2.6 PDGF (Platelet-Derived Growth Factor)
PDGF adalah suatu family protein yang saling
berkaitan erat, yang masing-masing terdiri atas dua
rantai yang diberi nama A dan B. ketiga isoform PDGF
(AA, BB, AB) disekresikan dan secara biologis aktif.
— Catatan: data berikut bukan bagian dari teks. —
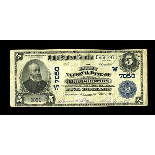 <B>Hartshorne, OK</B></I> - $5 1902 Plain Back Fr. 600 <B>The First NB</B></I> Ch. # (W)7050<BR>A very tough note from a bank which issued large notes only. Nine pieces are reported, with two of those Territorial Red Seals. This specimen, which grades a pleasing <B>Fine+++</B></I> with violet signatures, is as nice as any listed in the census from here.<BR><BR><b>Shipping:</b> Coin/Currency (<a target="_blank" href="http://www.heritageauctions.com/common/shipping.php">view shipping information</a>)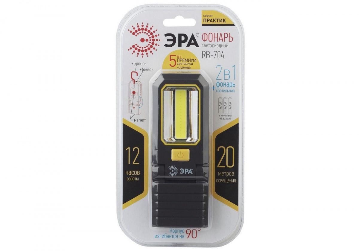 Кемпинговый светодиодный фонарь ЭРА RB-704 Практик 5Вт COB 3xLED 3xAAA крючок 2 магнита Б0029179 - многофункциональный светодиодный фонарь с режимом светильника и двумя типами крепления. Корпус сгибается в двух направлениях (по 90 градусов каждое). На торце - мощный магнит. Дополнительный магнит расположен на задней стороне фонаря. Имеется удобный прочный крючок. Закрепив фонарь на нужной поверхности, можно быстро настроить необходимый для работы угол освещения. Переключение режима превращает фонарь в светильник с ближним заливающим светом. Фонарь незаменим как при профессиональных работах (строительство, ремонт, монтаж, обслуживание), так и в частном использовании (работы в доме, на приусадебном участке, путешествия). Покрытие корпуса - софт-тач (мягкое, приятное на ощупь, без скольжения). Основной режим освещения - яркая LED-плата СОВ (5 Вт). Сопутствующий - 3 диода на торце с направленным лучом длиной до 20 метров.

Baru baru ini diidentifikasi dua isoform baru PDGF-C
dan PDGF-D. isoform-isoform PDGF menimbulkan efeknya
dengan mengikat dua reseptor permukaan sel, yang
disebut PDGF-α dan β, yang memiliki spesifisitas ligan
berbeda. PDGF disimpan di granula α trombosit dan
dibebaskan jika trombosit teraktifkan. Zat ini juga
dapat dihasilkan oleh beragam sel lain, termasuk
makrofag aktif, sel endotel sel otot polosdan banyak
sel tumor. PDGF menyebabkan migrasi dan proliferasi
fibroblast, sel otot polos dan monosit seperti
dibuktikan oleh timbulnya defek pada fungsi-fungsi ini
pada mencit yang mengalami defisiensi rantai A atau
rantai B PDGF. PDGF juga ikut serta dalam pengaktifan
sel stelata hati di tahap-tahap awal fibrosis hati
(Kumar et al, 2007)..
2.7 Kolagen
Kolagen adalah protein yang paling banyak dijumpai
dalam dunia hewan, yang membentuk kerangka ekstrasel
bagi semua organisme multisel. Tanpa kolagen tubuh
manusia akan tereduksi menjadi segumpalan sel yang
saling terhubung oleh beberapa neuron. Kolagen terdiri
dari suatu heliks tripel tiga rantai α polipeptida,
yang memiliki sekuens berulang gly-x-y. ssat ini
diketahui terdapat 27 jenis kolagen yang berlainan yang
dikode oleh 41 gen yang tersebar paling sedikit di 14
kromosom. Tipe I, II, III, IV, V dan VI adalah kolagen
intersitium atau kolagen fibrilar serta merupakan jenis
kolagen terbanyak. Tipe IV adalah kolagen non fibrilar
(membentuk lembaran bukan serat) dan merupakan komponen
utama MB, bersama dengan laminin. Kolagen lain dapat
membentuk jaringan yang berfungsi sebagai jangkar di
taut epidermis-dermis, tulang rawan, dan dinding
pembuluh darah.
Kolagen fibrilar disintesis dari prokolagen, yaitu
suatu molekul precursor yang berasal dari prokolagen,
yang ditranskripsikan dari gen-gen kolagen. Setelah
hidroksilasi residu prolin dan lisin serta glikosilasi
lisin terjadi, tiga rantai prokolagen berikatan untuk
membentuk heliks tripel. Prokolagen disekresikan dari
sel dan diuraikan oleh protease untuk membentuk satuan
dasar fibril. Pembentukan fibril kolagen berkaitan
dengan oksidasi residu lisin dan hidroklisin spesifik
oleh enzim ekstrasel lisil oksidase. Hal ini
menyebabkan pengikatan silang antar rantai molekul yang
berdekatan sehingga struktur menjadi stabil (khas untuk
kolagen). Pembentukan ikatan silang berperan besar
menentukan daya regang (tensile strength) kolagen.